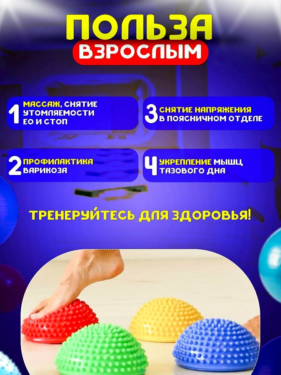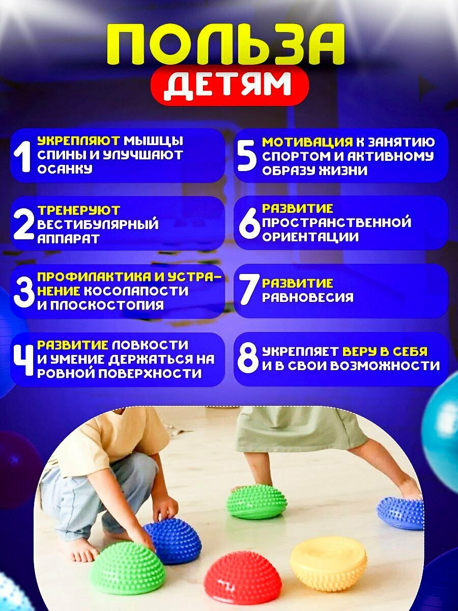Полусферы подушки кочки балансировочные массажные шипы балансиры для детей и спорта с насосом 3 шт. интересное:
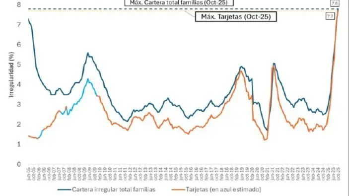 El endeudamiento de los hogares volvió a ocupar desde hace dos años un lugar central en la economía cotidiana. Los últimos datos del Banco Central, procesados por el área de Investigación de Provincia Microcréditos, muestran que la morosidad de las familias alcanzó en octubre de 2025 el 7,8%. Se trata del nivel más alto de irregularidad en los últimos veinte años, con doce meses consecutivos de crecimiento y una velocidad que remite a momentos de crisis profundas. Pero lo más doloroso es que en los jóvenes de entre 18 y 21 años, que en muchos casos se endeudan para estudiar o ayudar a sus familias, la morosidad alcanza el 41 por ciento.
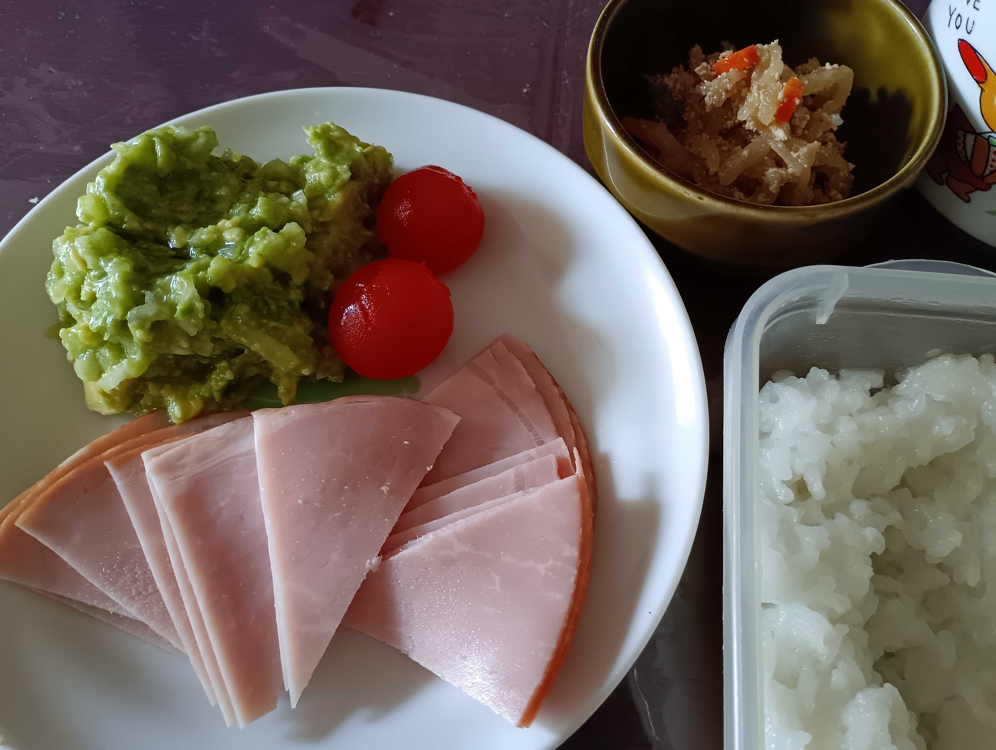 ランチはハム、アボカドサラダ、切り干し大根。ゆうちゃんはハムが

(What the task asks):
Without including a single picture, restate all of the data word for word.

(Written solution):
Полусферы подушки кочки балансировочные массажные шипы балансиры для детей и спорта с насосом 3 шт. интересное:
 El endeudamiento de los hogares volvió a ocupar desde hace dos años un lugar central en la economía cotidiana. Los últimos datos del Banco Central, procesados por el área de Investigación de Provincia Microcréditos, muestran que la morosidad de las familias alcanzó en octubre de 2025 el 7,8%. Se trata del nivel más alto de irregularidad en los últimos veinte años, con doce meses consecutivos de crecimiento y una velocidad que remite a momentos de crisis profundas. Pero lo más doloroso es que en los jóvenes de entre 18 y 21 años, que en muchos casos se endeudan para estudiar o ayudar a sus familias, la morosidad alcanza el 41 por ciento.
 ランチはハム、アボカドサラダ、切り干し大根。ゆうちゃんはハムが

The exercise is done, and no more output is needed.